- _Dataset extract_
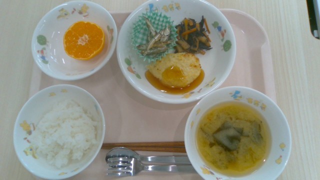 11月21日(金)の給食 公開日 2025/11/21 更新日 2025/11/21 今日の給食 11月21日(金)献立名:ごはん・豆腐のつくね焼き・ひじきとさつま揚げの炒り煮・みそ汁・炒り煮干し・くだもの(みかん)・牛乳
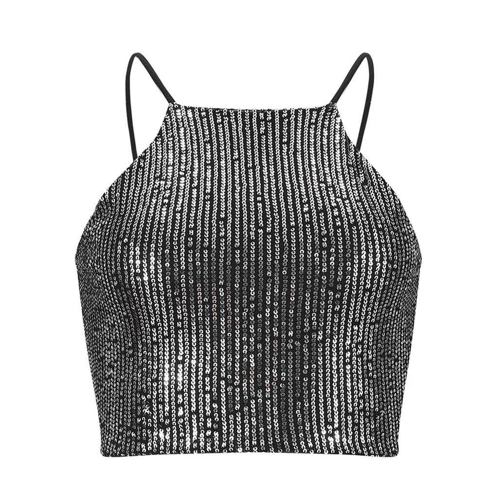 Женская Блестящая майка с блестками без рукавов
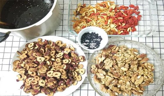 1.準備食材:阿膠250克、黃酒500毫升、黑芝麻250克、核桃仁250克、紅棗200克、黃冰糖250克、枸杞100克、陳皮50克。
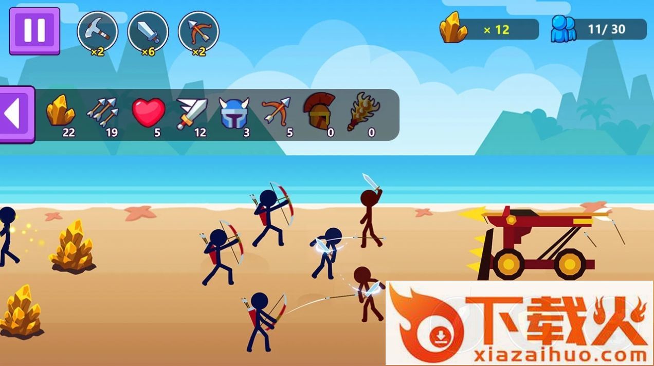 火柴人的崛起游戏是一款策略性极强的放置塔防游戏。我们将成为火柴人国家的指挥官,我们要带领自己的军团抵御敌人的侵扰,我们可以用挖掘出来的紫色钻石来训练自己的士兵,提升等级和技能,这样才能够更加轻松的击败敌人的攻击,才能够更加勇猛的保卫自己的国家,你做好准备了吗?现在就加入这场火柴人保卫战吧!

- _Try it_
With the pictures set aside, write out the whole listing exactly.

- _The answer_
 11月21日(金)の給食 公開日 2025/11/21 更新日 2025/11/21 今日の給食 11月21日(金)献立名:ごはん・豆腐のつくね焼き・ひじきとさつま揚げの炒り煮・みそ汁・炒り煮干し・くだもの(みかん)・牛乳
 Женская Блестящая майка с блестками без рукавов
 1.準備食材:阿膠250克、黃酒500毫升、黑芝麻250克、核桃仁250克、紅棗200克、黃冰糖250克、枸杞100克、陳皮50克。
 火柴人的崛起游戏是一款策略性极强的放置塔防游戏。我们将成为火柴人国家的指挥官,我们要带领自己的军团抵御敌人的侵扰,我们可以用挖掘出来的紫色钻石来训练自己的士兵,提升等级和技能,这样才能够更加轻松的击败敌人的攻击,才能够更加勇猛的保卫自己的国家,你做好准备了吗?现在就加入这场火柴人保卫战吧!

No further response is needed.